At the heart of the [new] policy is a warning – very much like that given to federal prisoners – that every employee must surrender privacy as a condition of using common office equipment. Like prisoners, judicial employees must acknowledge that, by using this equipment, their “consent to monitoring and recording is implied with or without cause” (“Privacy on Trial,” A22, 9/4/01).

Most of us in the workplace either know or can remember someone who, lacking any innate ability, attached him or herself to a rising star swinging on the fast vine through the office jungle. Often we wondered what the boss saw in such an underachiever. Later, we learned, it was our stray remarks or idle chatter, faithfully passed on and later used by the boss or a rival to torpedo a promotion or end a career. Much like the game played by informants and the KGB in the old Soviet Union – this person sold out by selling out others.

Today, employers have simply institutionalized the position of informant. Squirreled away, in unidentified rooms, these people scan banks of video cameras and watch the keystrokes of other employees. Phone call about a job interview? The boss will want to know. Marital problems – valuable information to a company rival intent on torpedoing your promotion. Checking stock quotes or visiting porn sites on the internet? Now part of your personnel file – but you’ll never know. Working on your resume? Duly noted. A career and political treasure trove for the cutthroat and unscrupulous.

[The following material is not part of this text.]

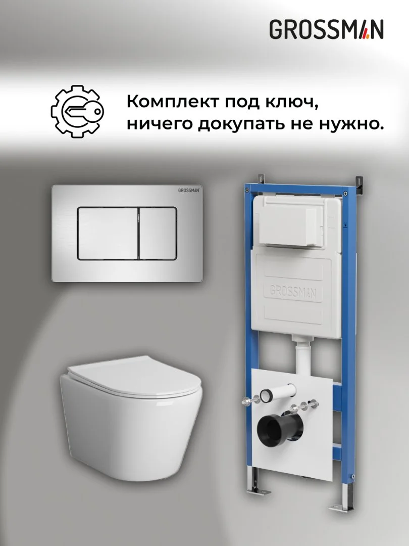 Комплект инсталляции GROSSMAN 900.K31.01.000 с клавишей смыва 700.K31.04.12M.12M хром сатиновый и унитазом GROSSMAN GR-4478S арт.97.4478S.04.12M

By and large, the courts have given employers a green light and a pat on the back for this monitoring activity. Their rulings would have fit perfectly in feudal society, when the common man’s career choice was limited to deciding which landowner’s army he was going to die in. Having originated in government – this kind of snooping into private lives has now saturated the workplace – and is rapidly seeping out into public spaces, with the advent of red-light traffic cameras and facial recognition monitoring already employed in U.S. cities.

All this happened, Mr. Kozinski, not under your and your colleagues’ noses – but rather in your courtrooms. Case-by-case, decision-by-decision, you’ve collectively presided over the near obliteration of personal privacy in America. In its place, you’ve created a corporate-controlled state run by an elite corps of Peeping Toms, eager to sell out their fellow human beings for a pat on the back by the boss.

Having orchestrated this situation for the rest of us, Judge Kozinski now wants a free pass out of it. Furthermore – he expects us to become outraged about it! Well, I’m sorry, Mr. Kozinski: The news this week has already exhausted my supply of outrage. I’d like to make a phone call or write a letter over lunch to help you – but the economy is slowing and I need my job to feed my family through the downturn. I simply can’t risk the adverse entry in my personnel file.

Ironic, isn’t it? Tyranny’s servants always believe they’ll be spared when the patriots they’ve betrayed are dragged off to the firing squad or lined up at the steps leading to the gallows. But history shows that tyrants have an insatiable appetite for power and blood. Your turn to provide the latter comes when you can no longer supply the former.